Rome Journal: Via Margutta

110 Via Margutta (photo by Francis Levy)
Fellini lived on the Via Margutta which runs parallel to the Via del Corso one of the main arteries off one of Rome’s central shopping areas, the Piazza del Popolo (which is also famous for its Caravaggios). Many Americans know the location not because Fellini lived there, but because it's where Gregory Peck sequesters Audrey Hepburn in Roman Holiday. Picasso also had a studio on the Via Margutta, where he worked on sets for the Ballets Russes. In other words Fellini didn’t live on some recondite street, far from the madding crowd, say like Pasolini, who gravitated to backwaters (he lived way out near the Rebibbia prison with his mother when he first came to Rome and then in the working class neighborhood near the Piazza di Donna Olimpia in Monteverdi).
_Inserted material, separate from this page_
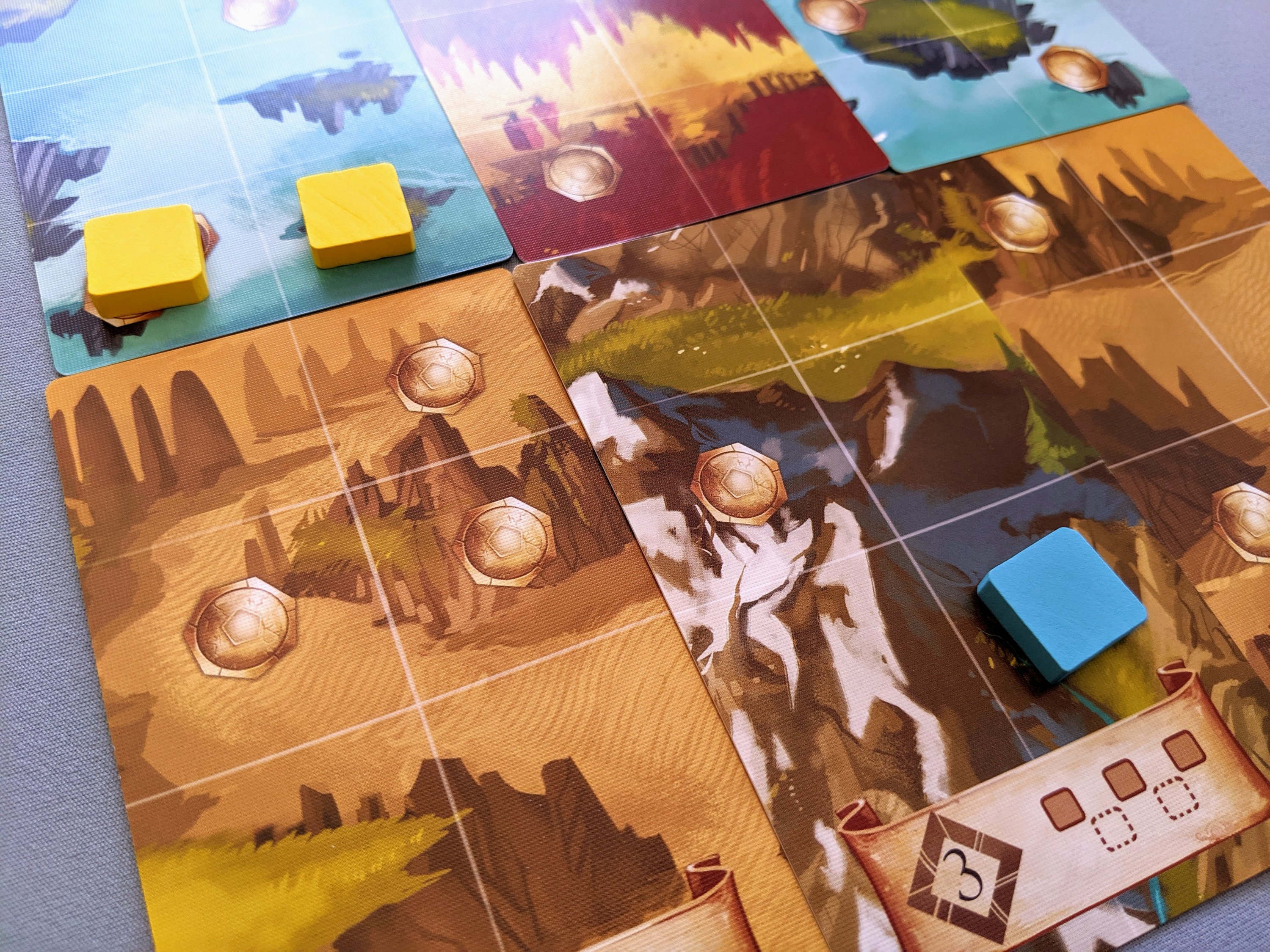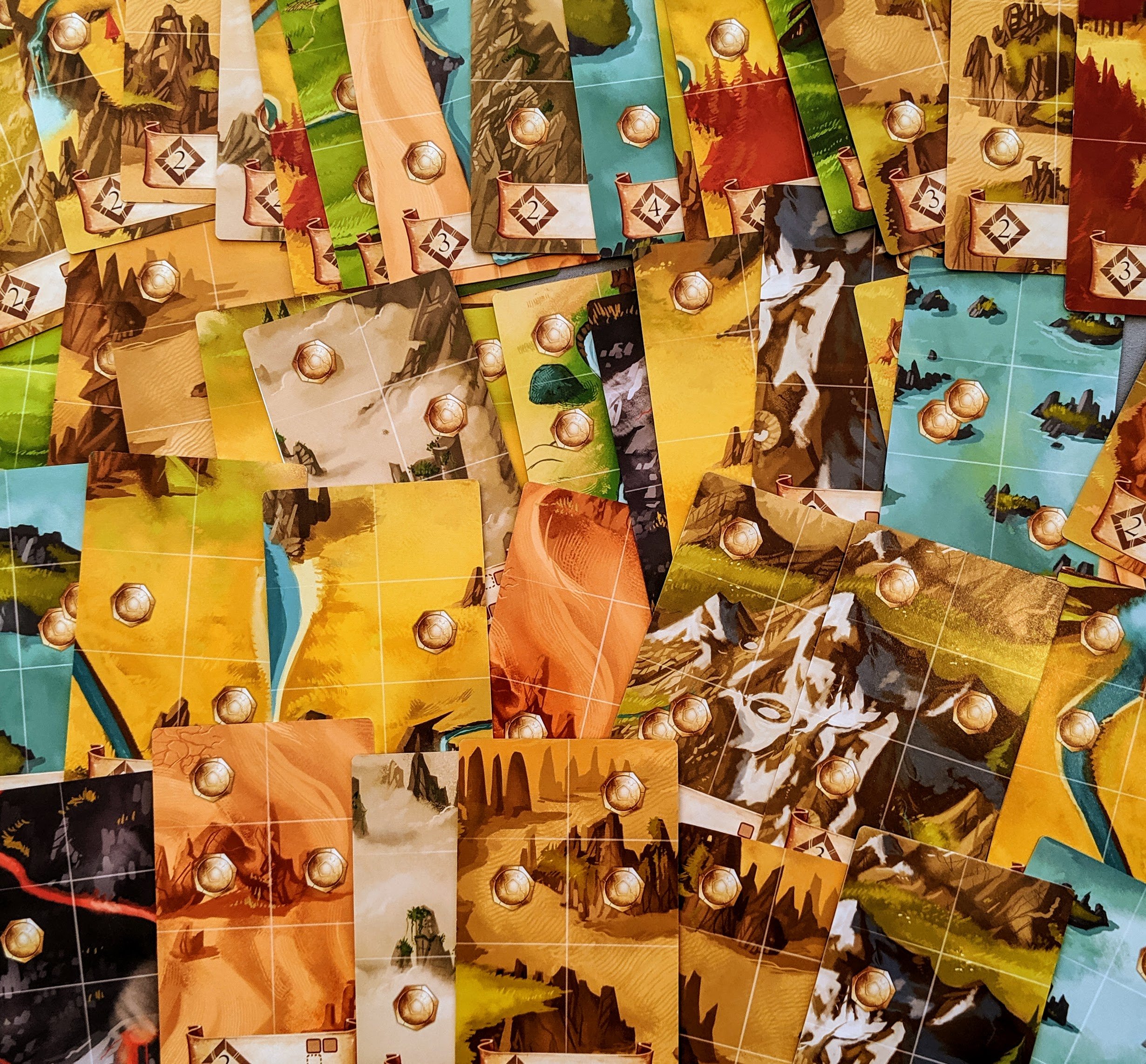 There are so many gorgeous cards in this game! The board is literally made up of cards, which are all double sided and super pretty and vibrant.

Fellini, who died in l993, lived at 110 and a plaque above its comfortable-looking, almost bourgeois doorway commemorates both the great director and his wife, the actress Guilietta Masina. Next door is Il Margutta which advertises “vegetarian food and art since l979." On the other side is a shuddered storefront over which a sign simply reads Antichita. Several doorways down down at l04 is a Lavanderia and Lavasecca (06-323-624) and there there’s an expensive men’s shop Sergio Nesci across the way which displays suede shoes in the window and sports a rack of elegant vests. Onc can imagine Fellini in one of the building’s garden apartments looking down on the spillover of from the agora or perhaps venturing across the street to buy himself an ascot. Margutta is long and narrow and full of charm and it’s a perfect place to envision the procession of characters from buxom starlets to tortured intellectuals who made up his Dolce Vita.